**Data to process**
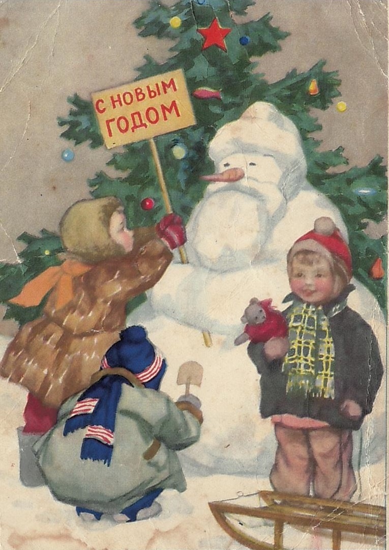 Дорогие друзья! Мы продолжаем публикацию советских поздравительных открыток из коллекции нашего музея. Уверены: многие из вас до сих пор хранят дома эти реликвии. А как же иначе, ведь на них остались тёплые пожелания от родных и близких, приветы из далёкого прошлого. Сегодня расскажем о новогодних открытках 1950-60-х годов. Например, эта открытка была выпущена тиражом 500 тысяч экземпляров 72 года назад - в 1953 году. На обороте - поздравление в стихах "дорогой подружке Тамаре". В Советском Союзе дети на только обменивались поздравительными открытками друг с другом, но и активно их коллекционировали. А еще именно ребятам чаще всего доверяли бросить в почтовый ящик пухлую пачку поздравительных открыток от всей семьи, которые разлетались в разные концы страны. Неудивительно, что героями многих сюжетов с новогодних открыток тоже были дети. Персонажами открыток могли быть герои популярных мультфильмов. Например, "Когда зажигаются ёлки" (1950 г.), весёлые снеговики, лесные обитатели и, кон
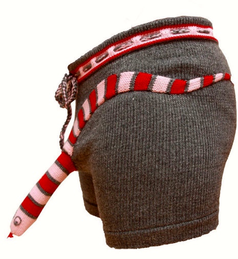 From Aric Olnes, a link to this entertainment on the Dangerous Minds site: “‘Sexy’ Knitted Elephant and Snake Underwear for Men” by Tara McGinley 4/13/16 (intended for a woman to give her man, but of course a man could get (or knit) them for himself or for his guy):
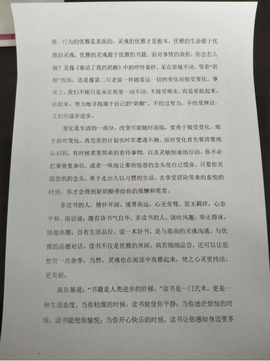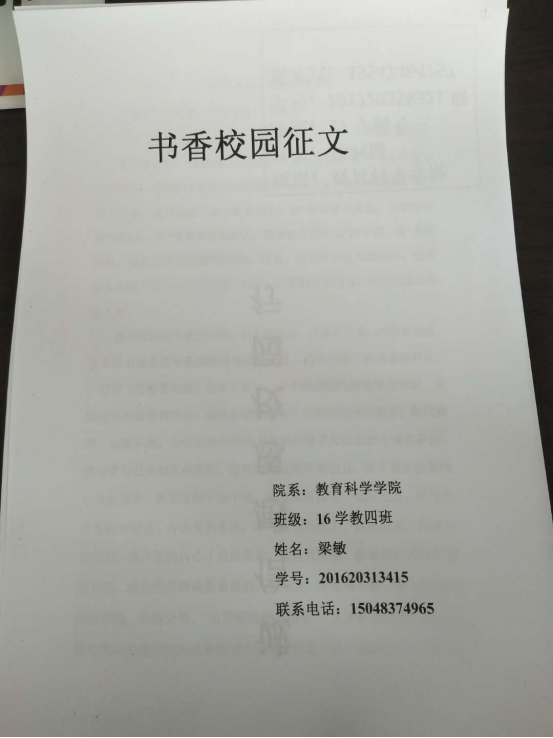 此次“书香校园·我因读书而改变”征文大赛为广大热爱读书的学生提供了一个展现自己的舞台,日后,教育科学学院也会多多举办此类活动,本次征文大赛系级比赛圆满结束。
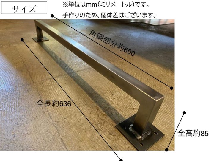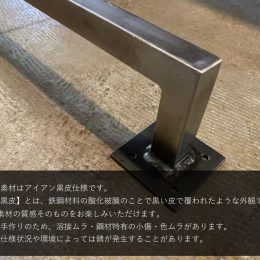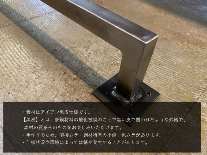 | 注意点 | ・使用状況や環境によっては錆が発生することがあります。 ・手作りの為、溶接ムラ・鋼材特有の小傷・色ムラがあります。 |
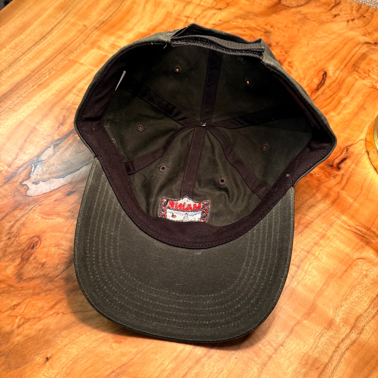 キャップのサイドにはメイン州における在来トラウトであるブルックトラウトが刺繍で入っています。カタチも非常によくオイルド仕様で非常にヘヴィーデューティな一枚です。
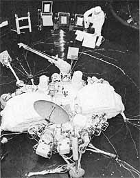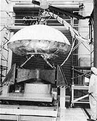 [262] (Viking simulators went through intensive environment tests to ensure the final spacecraft would function far from Earth. Above left, Viking program technician Alonzo McCann adjusts a cable on the proof-test capsule-decelerator assembly, as lander and capsule are prepared for January 1974 heat-verification tests. One of the lander cameras is to the right of center. Above right, a technician watches as an acoustic shroud is lowered over the proof-test capsule before acoustic tests in mid-June 1974. At lower right, the proof-test capsule is lifted out of the vacuum chamber at Martian Marietta, Denver, in October 1974 after a month-long series of rigorous tests to qualify it for operations on Mars.) |
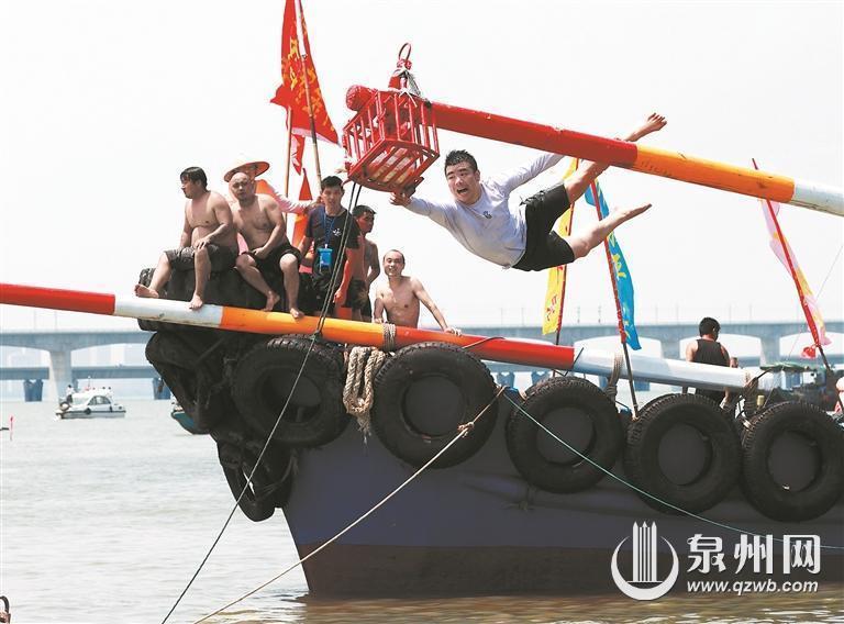 水上捉鸭是泉州沿江沿海一带的端午习俗,在石狮蚶江、晋江安海一带盛行。活动时,把杉木绑好固定在船上或岸边,大部分伸向水面上方,在杉木尾端挂一只笼子,内关鸭子。参赛者光脚从杆头走到尾端,去打开那鸭笼子,抓到鸭子即为成功。但因杉杆事先涂了油,大部分人没走几步就落入水中,引起围观者一阵善意的哄笑。相传这一民俗是由郑成功在安海操练水师的史俗演变,极具挑战性和趣味性。
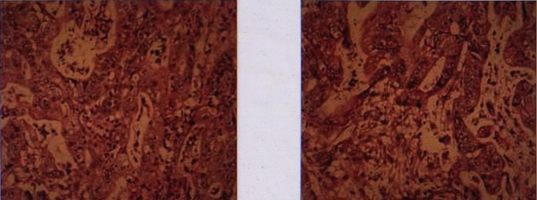 免疫组化结果显示:CK(+),Ki67(10%),CK8/18(+),TIF-1(-),NAPSIN A(+),CK7(+),CK5/6-,P40-,SYN-,CGA-,CD56-,CDX-2-,CK20-。(患者因自身原因术后未行HER2检测)于2021年3月补充免疫组化:Her-2(3+)。
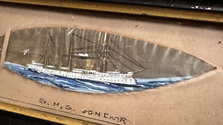 Imperial German Navy Sailor Folk Art on Feather, SMS Condor
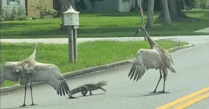 3大鶴展翅「護送鱷魚過馬路」?細看才知不對勁 恐怖真相曝
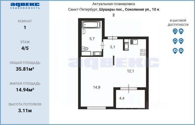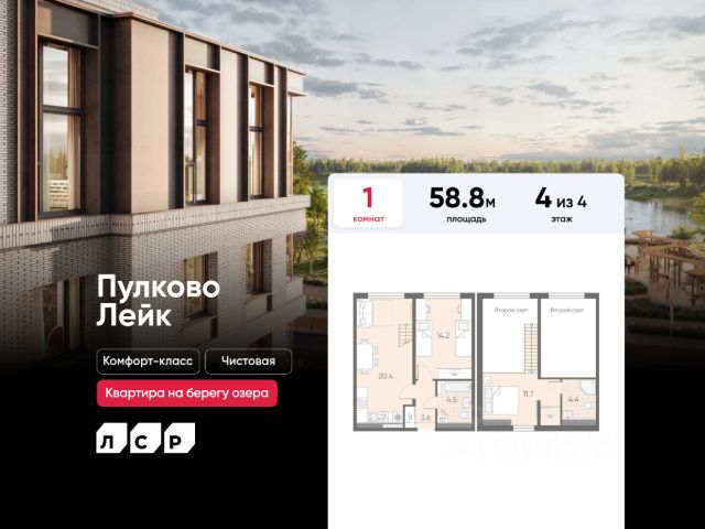 Цена действует при 100% оплате и на определенные ипотечные программы. Подробности — в отделе продаж по телефону. Продается 1-комнатная квартира в ЖК "Пулково Лейк" на 4 этаже. Общая площадь составляет 49.80 кв. м. Квартира с чистовой отделкой. Жилой комплекс "Пулково Лейк" располагается по адресу Санкт-Петербург, Московский. Пулково Лейк - проект малоэтажной застройки на берегу озера на границе Московского и Пушкинского районов. Дома высотой всего 4 этажа, квартиры от уютных студий до трехкомнатных квартир для большой семьи. Широчайший выбор планировок, включая квартиры с мастер-спальнями, патио, каминами, саунами, двухуровневые квартиры. Школа, детские сады, парк на берегу озера и выезды на Пулковское и Петербургское шоссе. Расположение: • 5 мин на авто до Аэропорта Пулково; • 10 мин на авто до станций метро "Московская; • 10-15 мин на авто до городов Пушкина, Павловска и Гатчины; • 20 мин на авто до центра Санкт-Петербурга. Квартиры в проекте сдаются с предчистовой и чистовой отделкой Соmfоrt Stоnе и Соmfоrt Wооd по современным стандартам - Вы можете сами выбрать отделку, подходящую именно Вам. Дома оборудованы самыми современными инженерными системами и "Умным домом". В рамках проекта будет построена современная школа на 925 мест и 2 детских сада на 160 и 240 мест, выезды на Пулковское и Петербургское шоссе, а также храм рядом со сквером "Пулковский рубеж". Общественное пространство вдоль берега озера превратится во всесезонный парк, в котором найдется место для любых активностей от пробежек, катания на САПах и велосипедах до отдыха в шезлонгах и любования закатом солнца. Зимой будет работать каток, проложен лыжный маршрут, предусмотрено место для новогодней елки и горок для детей. Для Ваших питомцев - площадка для выгула собак. Преимущества: • Высота потолков от 2,6 до 4,5 м; • Уникальные планировки; • Парк на берегу озера; • Система "Умный дом"; • Дворы без машин; • Колясочная в парадной; • Видеонаблюдение в холлах, на первом этаже, в лифтах и в паркингах. Успейте приобрести квартиру на выгодных условиях! Чтобы узнать подробности, обращайтесь за консультацией по телефону.
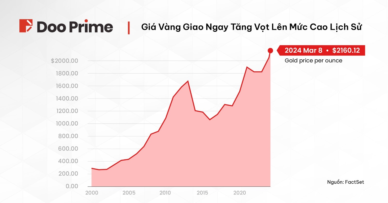 Vàng giao ngay đã trải qua một đợt tăng giá đáng chú ý, chạm mốc 2,156.55 USD và thậm chí chạm đỉnh lịch sử ở mức 2,161.09 USD trong một phiên giao dịch đơn lẻ.

**Problem description**
When copying the data above, repeat every word exactly and drop the pictures.

**Exercise output**
 Дорогие друзья! Мы продолжаем публикацию советских поздравительных открыток из коллекции нашего музея. Уверены: многие из вас до сих пор хранят дома эти реликвии. А как же иначе, ведь на них остались тёплые пожелания от родных и близких, приветы из далёкого прошлого. Сегодня расскажем о новогодних открытках 1950-60-х годов. Например, эта открытка была выпущена тиражом 500 тысяч экземпляров 72 года назад - в 1953 году. На обороте - поздравление в стихах "дорогой подружке Тамаре". В Советском Союзе дети на только обменивались поздравительными открытками друг с другом, но и активно их коллекционировали. А еще именно ребятам чаще всего доверяли бросить в почтовый ящик пухлую пачку поздравительных открыток от всей семьи, которые разлетались в разные концы страны. Неудивительно, что героями многих сюжетов с новогодних открыток тоже были дети. Персонажами открыток могли быть герои популярных мультфильмов. Например, "Когда зажигаются ёлки" (1950 г.), весёлые снеговики, лесные обитатели и, кон
 From Aric Olnes, a link to this entertainment on the Dangerous Minds site: “‘Sexy’ Knitted Elephant and Snake Underwear for Men” by Tara McGinley 4/13/16 (intended for a woman to give her man, but of course a man could get (or knit) them for himself or for his guy):
 此次“书香校园·我因读书而改变”征文大赛为广大热爱读书的学生提供了一个展现自己的舞台,日后,教育科学学院也会多多举办此类活动,本次征文大赛系级比赛圆满结束。
 | 注意点 | ・使用状況や環境によっては錆が発生することがあります。 ・手作りの為、溶接ムラ・鋼材特有の小傷・色ムラがあります。 |
 キャップのサイドにはメイン州における在来トラウトであるブルックトラウトが刺繍で入っています。カタチも非常によくオイルド仕様で非常にヘヴィーデューティな一枚です。
 [262] (Viking simulators went through intensive environment tests to ensure the final spacecraft would function far from Earth. Above left, Viking program technician Alonzo McCann adjusts a cable on the proof-test capsule-decelerator assembly, as lander and capsule are prepared for January 1974 heat-verification tests. One of the lander cameras is to the right of center. Above right, a technician watches as an acoustic shroud is lowered over the proof-test capsule before acoustic tests in mid-June 1974. At lower right, the proof-test capsule is lifted out of the vacuum chamber at Martian Marietta, Denver, in October 1974 after a month-long series of rigorous tests to qualify it for operations on Mars.) |
 水上捉鸭是泉州沿江沿海一带的端午习俗,在石狮蚶江、晋江安海一带盛行。活动时,把杉木绑好固定在船上或岸边,大部分伸向水面上方,在杉木尾端挂一只笼子,内关鸭子。参赛者光脚从杆头走到尾端,去打开那鸭笼子,抓到鸭子即为成功。但因杉杆事先涂了油,大部分人没走几步就落入水中,引起围观者一阵善意的哄笑。相传这一民俗是由郑成功在安海操练水师的史俗演变,极具挑战性和趣味性。
 免疫组化结果显示:CK(+),Ki67(10%),CK8/18(+),TIF-1(-),NAPSIN A(+),CK7(+),CK5/6-,P40-,SYN-,CGA-,CD56-,CDX-2-,CK20-。(患者因自身原因术后未行HER2检测)于2021年3月补充免疫组化:Her-2(3+)。
 Imperial German Navy Sailor Folk Art on Feather, SMS Condor
 3大鶴展翅「護送鱷魚過馬路」?細看才知不對勁 恐怖真相曝
 Цена действует при 100% оплате и на определенные ипотечные программы. Подробности — в отделе продаж по телефону. Продается 1-комнатная квартира в ЖК "Пулково Лейк" на 4 этаже. Общая площадь составляет 49.80 кв. м. Квартира с чистовой отделкой. Жилой комплекс "Пулково Лейк" располагается по адресу Санкт-Петербург, Московский. Пулково Лейк - проект малоэтажной застройки на берегу озера на границе Московского и Пушкинского районов. Дома высотой всего 4 этажа, квартиры от уютных студий до трехкомнатных квартир для большой семьи. Широчайший выбор планировок, включая квартиры с мастер-спальнями, патио, каминами, саунами, двухуровневые квартиры. Школа, детские сады, парк на берегу озера и выезды на Пулковское и Петербургское шоссе. Расположение: • 5 мин на авто до Аэропорта Пулково; • 10 мин на авто до станций метро "Московская; • 10-15 мин на авто до городов Пушкина, Павловска и Гатчины; • 20 мин на авто до центра Санкт-Петербурга. Квартиры в проекте сдаются с предчистовой и чистовой отделкой Соmfоrt Stоnе и Соmfоrt Wооd по современным стандартам - Вы можете сами выбрать отделку, подходящую именно Вам. Дома оборудованы самыми современными инженерными системами и "Умным домом". В рамках проекта будет построена современная школа на 925 мест и 2 детских сада на 160 и 240 мест, выезды на Пулковское и Петербургское шоссе, а также храм рядом со сквером "Пулковский рубеж". Общественное пространство вдоль берега озера превратится во всесезонный парк, в котором найдется место для любых активностей от пробежек, катания на САПах и велосипедах до отдыха в шезлонгах и любования закатом солнца. Зимой будет работать каток, проложен лыжный маршрут, предусмотрено место для новогодней елки и горок для детей. Для Ваших питомцев - площадка для выгула собак. Преимущества: • Высота потолков от 2,6 до 4,5 м; • Уникальные планировки; • Парк на берегу озера; • Система "Умный дом"; • Дворы без машин; • Колясочная в парадной; • Видеонаблюдение в холлах, на первом этаже, в лифтах и в паркингах. Успейте приобрести квартиру на выгодных условиях! Чтобы узнать подробности, обращайтесь за консультацией по телефону.
 Vàng giao ngay đã trải qua một đợt tăng giá đáng chú ý, chạm mốc 2,156.55 USD và thậm chí chạm đỉnh lịch sử ở mức 2,161.09 USD trong một phiên giao dịch đơn lẻ.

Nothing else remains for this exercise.